Вздохнул мусьё Бертоме и пошел домой.
— Что же вам сказать еще о пожаре этом? Нарочно ли начальство зажгло базар или только тушить не хотело, не буду я говорить. Кто его знает? Только одно скажу: и недели не прошло, как инженер приехал (француз или поляк, не знаю), и начал улицы прямые и широкие проводить. И какие дома на дороге пришлись, то, как слышно, их чинить не приказано, пусть себе падают. Пять лет срока назначено. На помощь бедным погорелым из Константинополя денег, правда, прислали. Этого я не утаю. Стали строить люди новый каменный базар, а мутесариф ездит верхом и смотрит каждый день и любуется. И цвета, какими стены должны быть расписаны, назначает. Иные любят зеленый цвет, не велит. Отчего? Туркам простым угодить хочет; зеленый цвет у них священный. Иные хотят себе лавки шахматами голубыми с белым раскрасить, чтобы милее было. «Нет, говорит начальство, нельзя!» Почему же нельзя! «Не знаем!» А мы, греки, знаем. Голубой с белым — эллинские цвета. Вот какая политика! Хозяева горюют, а паша смеется, «Жолтым красьте все. Жолтый цвет значит зависть; пусть все чужие нашему базару завидуют!» Подъехал раз мутесариф к одному новому дому и увидал, что над дверью двуглавый византийский орел из камня высечен. Зовет хозяина.

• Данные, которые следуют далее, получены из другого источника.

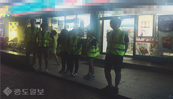 한국수출입은행과 함께하는 희망씨앗 대학생봉사단 대전 팀은 지난 8월 14일 유성구 봉명동 일대에서 편의점 핫라인 확인 과 불법현수막 및 쓰레기 무단투기 실태 조사를 위한 야간 방범순찰 활동을 하였다.

— Что это у тебя за птица?
— Птица, паша господин мой! Каменьщики любят меня и хотели мою дверь украсить.
— А зачем у ней две головы? Таких птиц с двумя головами и не бывает. Бог всех с одной создал... Не любят тебя каменьщики; когда б они тебя любили, они бы сделали тебе птицу простую, с одною головой. Сними ты мне этот камень.
На другой день рано выехал паша, и люди не успели сбить орла.
— Ну, иди в тюрьму, — сказал ему паша. — Не любят тебя каменьщики.
Низамов судить и разбирать не стали, а поскорей отправили в другой город, а на место их из другого полка привели. Кой-что из вещей и товаров собрали и вызвали людей смотреть, чьи вещи.
Пустое дело!
Поймали человек шесть христиан-воров, нашли и у них вещи, и обрадовались турки: «Вот кто грабил! Ваши же люди!»
Встретил я доктора, того, который в Италии учился, и говорю ему:
— Ведь это они сделали, чтобы мы беднее были, чтобы нас разорить?
— Бог их знает! — ответил мне доктор. — Может быть, да; а может быть, и нет. Я скорей думаю, что это от глупости, чтобы перед светом хвалиться: у нас во всех городах прямые улицы, как в Париже. Они и у своих турок в Стамбуле, говорят, не тушили; прямые улицы провели после. У них бред предсмертный уж начался: верь мне, друг мой!
— Помоги Бог! помоги Бог! — сказал я и хотел проститься с доктором.
А он мне говорит:
— Слышал ты, что Стефанаки Пилиди из меджлиса выгнали?
— Возможно ли это? — говорю я.
— Так, друг мой, возможно, что выгнали. Не вытерпела и его душа. Стал в меджлисе о разореньи народа кричать и о своей шкатулке. «Царское войско меня ограбило!» — сказал он. А мутесариф ему: «Когда вы смеете обвинять войско и власти так открыто и без доказательств, то зачем же здесь в идаре сидите?» Старик встал и говорит: «Если угодно, я уйду и не ступлю на порог этот никогда!» «Добрый вам час!» — говорят турки. Пилиди сделал им теменна[26] и вышел. Живет он теперь с дочерьми у Катинки Хаджи-Димо, плачет и проклинает турок.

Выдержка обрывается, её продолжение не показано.